But the disabled coal miner from Harlan County said no thanks to money from the Kentucky Office of Workers Claims, money that could have been used to pay for retraining for a job in some other profession.

The state program, advocates say, is of little use to people sickened coal workers' pneumoconiosis, more commonly known as black lung. The problem is there just aren't that many jobs in central Appalachia outside the mining industry, especially for people with chronic breathing problems.

Only 168 Kentucky coal miners bothered to apply for black lung benefits from the state over the past year, the fewest since 2001, a year before lawmakers tweaked the state's workers' compensation plan in an effort to make it easier for miners to qualify for benefits.

The tweak didn't work, said Thomas Moak, a Prestonsburg attorney who represents coal miners.
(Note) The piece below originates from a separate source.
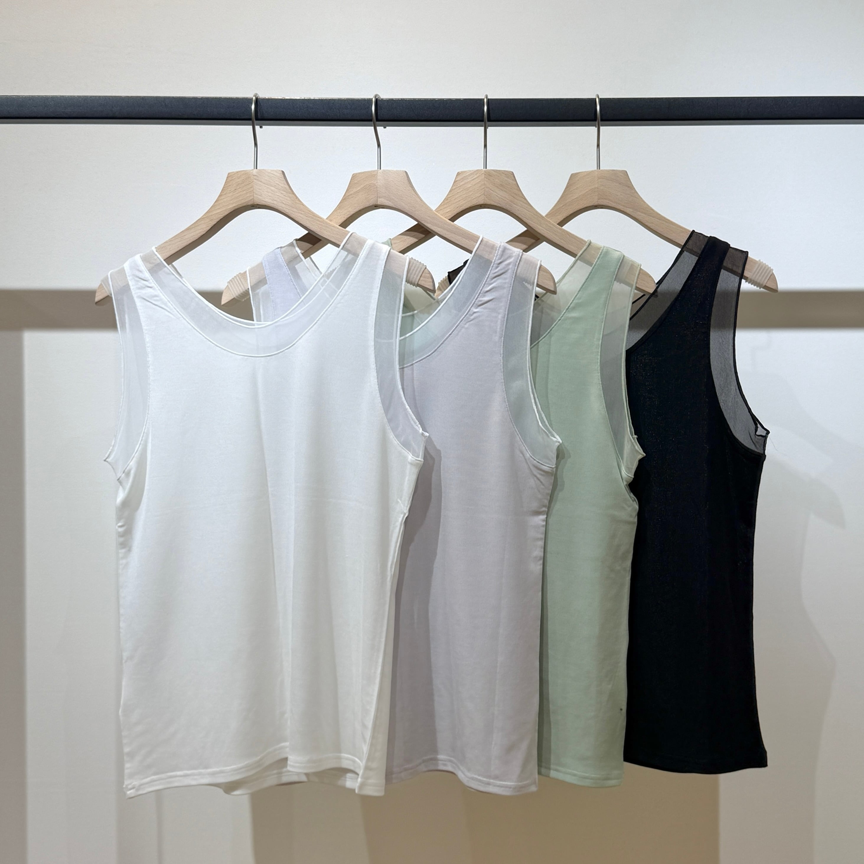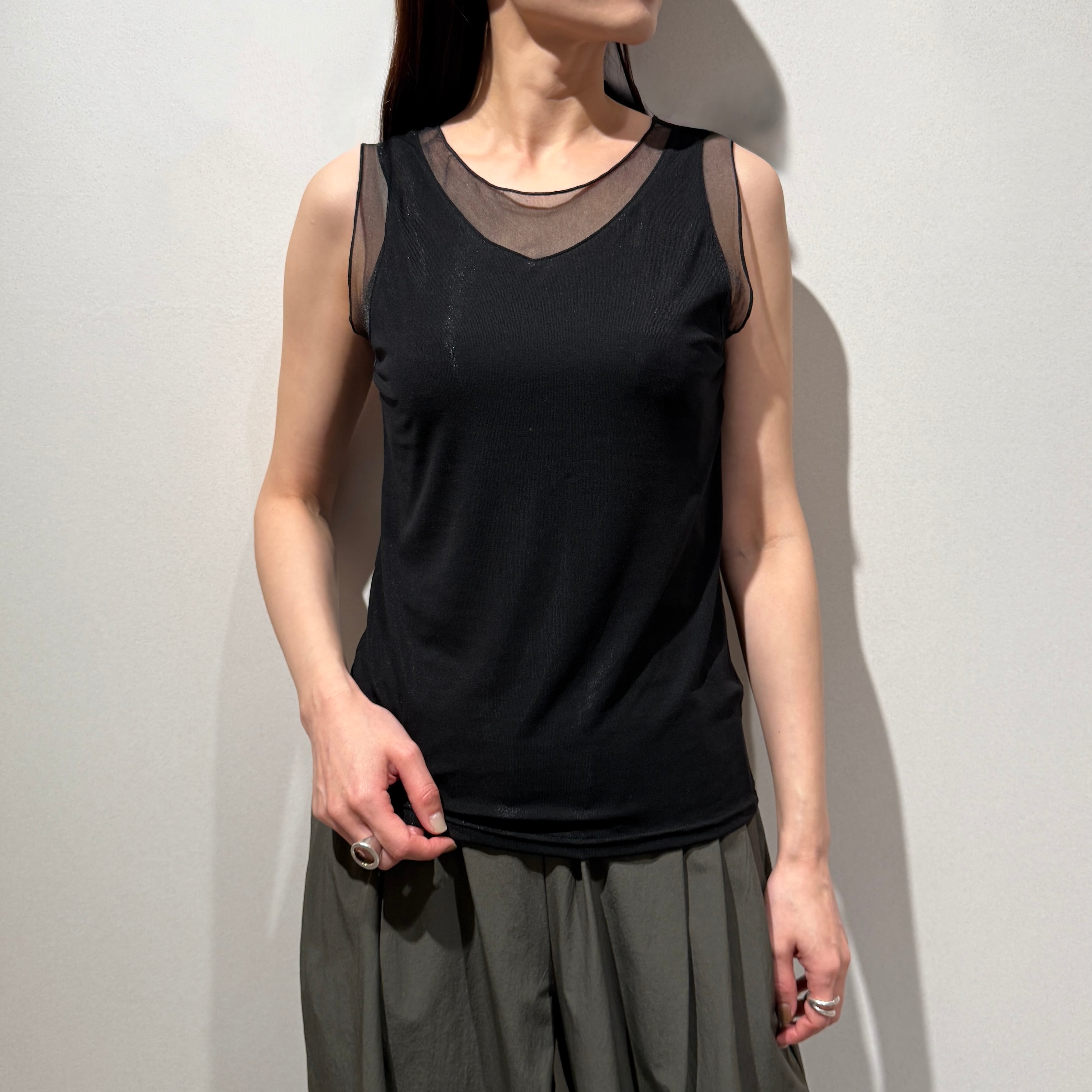 インナーアイテムとして重宝するリヨセルベアフライストップス。

Moak said the state program is of little use to disabled coal miners because the same impairments that make them unable to work as miners also prevent them from
working in other professions.

"If you're going to retrain coal miners for some other employment, you've got to think realistically about what employment is out there," Moak said. "Our economy up here is manual labor. If it's not in the mines, it's still manual labor. This whole business about retraining miners is upside down."

The result, Moak said, is that miners with early stages of black lung who are still able to work are not leaving their jobs in the mines.

"You have mines begging for qualified miners," he said. "There's no reason for these guys to leave the mines when the demand for labor is so strong."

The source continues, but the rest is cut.